Growing up I had one solid male role model in my life and that was my Pawpaw, William Mack Walker. Pawpaw was just always there no matter what. The things I remember most about him are some of the meanest things he did to me.
I was staying at his house with him one summer when we had the squirrel incident. Grandma Walker, who was my great grandmother who I called grandma, had this huge chestnut tree in her yard and I loved to climb it. I was the best climber of all the kids and could even pick on my older cousin and run away straight up that old tree. Well, like I said it was a chestnut tree and can you guess what is attracted to chestnut trees? Nuts. No. I mean squirrels. I wanted to catch one of these things so badly and I just knew that Pawpaw would know how, he knew everything. I went inside and asked him and he just smiled and explained it all to me. I should have known when he smirked that this was a bad idea.
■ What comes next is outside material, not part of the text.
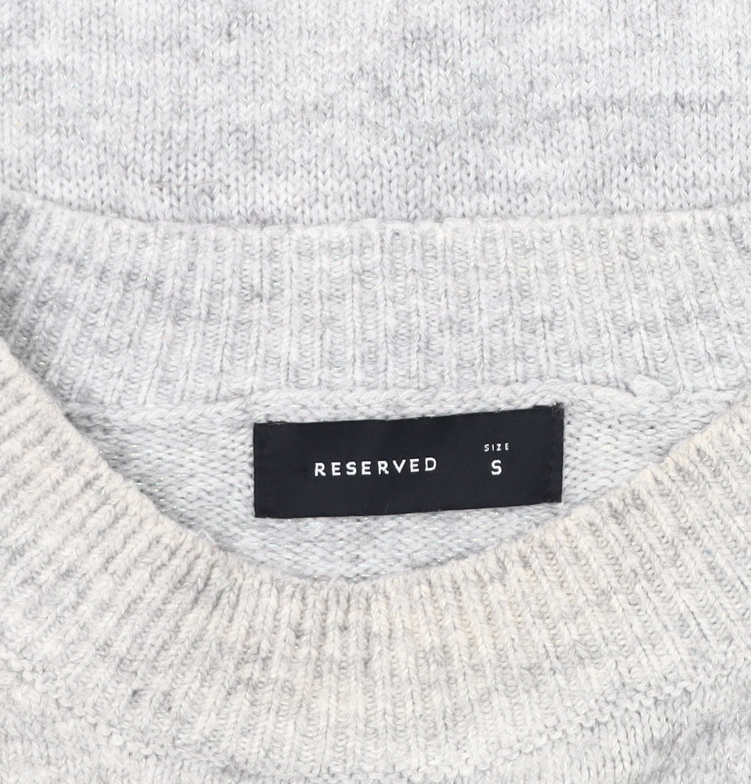 Elevate your wardrobe with this classic grey jumper from Reserved, perfect for any casual occasion. Designed with a comfortable crew neck and crafted from a blend of acrylic, polyester, and metallic fibre, this pullover offers both style and warmth. Its cable-knit texture adds a touch of sophistication, making it a versatile piece for all seasons. Available in size S, this regular fit jumper ensures a cosy and relaxed wear, ideal for both men and unisex adults. Machine washable for easy care, it’s the perfect addition to your everyday essentials. Don't miss out on this stylish and affordable option to refresh your collection.

I was to get a milk crate, a stick, and some string and make a simple trap out of it. Well I did just as I was supposed to although I don't remember what we baited it with because I was just so excited. I sat there damn near all day and finally Mr. Fluffy Tail got curious enough to come investigate under my crate.
In hindsight I don't think the squirrel was curious, I think Pawpaw bribed him some how to do it.
So I pulled the string and with it the stick and like magic the squirrel was mine. I probably ran in a hundred circles around Pawpaw and finally thought of something else entirely. I was so eager to catch this thing that I had not a single clue as to what I was going to do with it now. I did what I thought to be the smart thing and asked him, and he told me to go over to the crate, tilt it over just a bit, reach my hand inside (yeah I should have stopped there, I wasn't a stupid kid but this man was infallible) and yank the squirrel out of there.
Ever tried this? Well I sure as shit do not recommend it. It is truly a wonder I don't wreck my car all the time out of my sheer respect and fear of squirrels. That ornery old man just stood there and laughed and laughed. Not me, that damn thing got me pretty good.
When he died I became the last male in my family that could possibly carry on the family name, but I didn't have the family name. I was Scott Wayne Sevy but I knew that I had to somehow change it. When I first got to Hawai'i I looked into how to legally change my name and that state wanted me to do all types of stuff to change it, lawyers, newspapers, money, a bunch of stuff, so I dropped it. Then in 2008 I had good reason to take my cause back up. I was going to be a father and I was getting deployed so while back home in the good old Commonwealth of Virginia I stopped by the local courthouse, filled out one and maybe a half sheets of paper and BAM, new name. Keeping in the tradition of using our middle names as first names, and since I had been called Scott my entire life, I went with William Scott Walker. I wouldn't argue or be offended, however, if someone were to every once in a while mistake me for Mack. Yeah, you can call me Mack.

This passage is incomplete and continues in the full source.